> [WHAT IS BEING ASKED]:
Every line below must be copied as written, except for pictures.

> [ENTRIES SHOWN]:
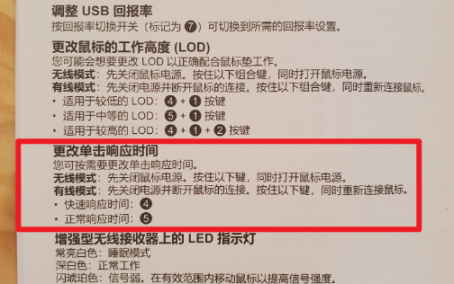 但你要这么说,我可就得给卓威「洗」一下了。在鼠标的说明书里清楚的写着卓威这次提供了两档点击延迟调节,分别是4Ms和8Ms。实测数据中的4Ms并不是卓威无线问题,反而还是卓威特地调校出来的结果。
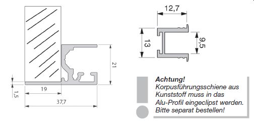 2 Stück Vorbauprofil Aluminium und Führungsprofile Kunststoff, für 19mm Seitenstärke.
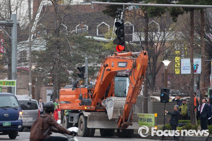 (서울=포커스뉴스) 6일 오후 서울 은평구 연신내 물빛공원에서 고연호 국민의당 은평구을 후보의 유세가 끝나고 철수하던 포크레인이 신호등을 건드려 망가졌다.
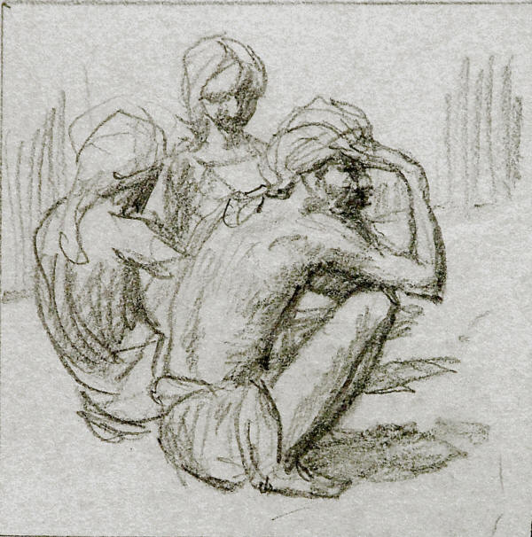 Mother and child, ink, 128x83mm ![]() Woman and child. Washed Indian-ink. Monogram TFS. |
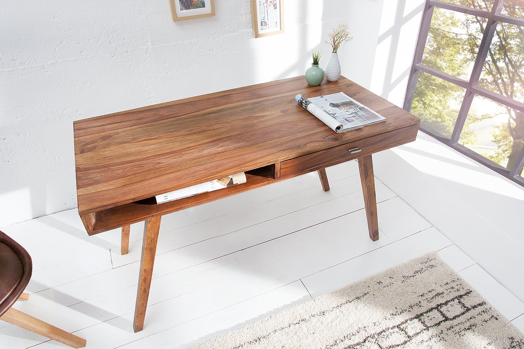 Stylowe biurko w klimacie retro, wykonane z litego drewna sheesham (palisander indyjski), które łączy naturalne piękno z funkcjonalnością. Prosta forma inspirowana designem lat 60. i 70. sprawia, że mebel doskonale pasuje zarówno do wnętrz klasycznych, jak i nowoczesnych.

> [WRITTEN ANSWER]:
 但你要这么说,我可就得给卓威「洗」一下了。在鼠标的说明书里清楚的写着卓威这次提供了两档点击延迟调节,分别是4Ms和8Ms。实测数据中的4Ms并不是卓威无线问题,反而还是卓威特地调校出来的结果。
 2 Stück Vorbauprofil Aluminium und Führungsprofile Kunststoff, für 19mm Seitenstärke.
 (서울=포커스뉴스) 6일 오후 서울 은평구 연신내 물빛공원에서 고연호 국민의당 은평구을 후보의 유세가 끝나고 철수하던 포크레인이 신호등을 건드려 망가졌다.
 Mother and child, ink, 128x83mm ![]() Woman and child. Washed Indian-ink. Monogram TFS. |
 Stylowe biurko w klimacie retro, wykonane z litego drewna sheesham (palisander indyjski), które łączy naturalne piękno z funkcjonalnością. Prosta forma inspirowana designem lat 60. i 70. sprawia, że mebel doskonale pasuje zarówno do wnętrz klasycznych, jak i nowoczesnych.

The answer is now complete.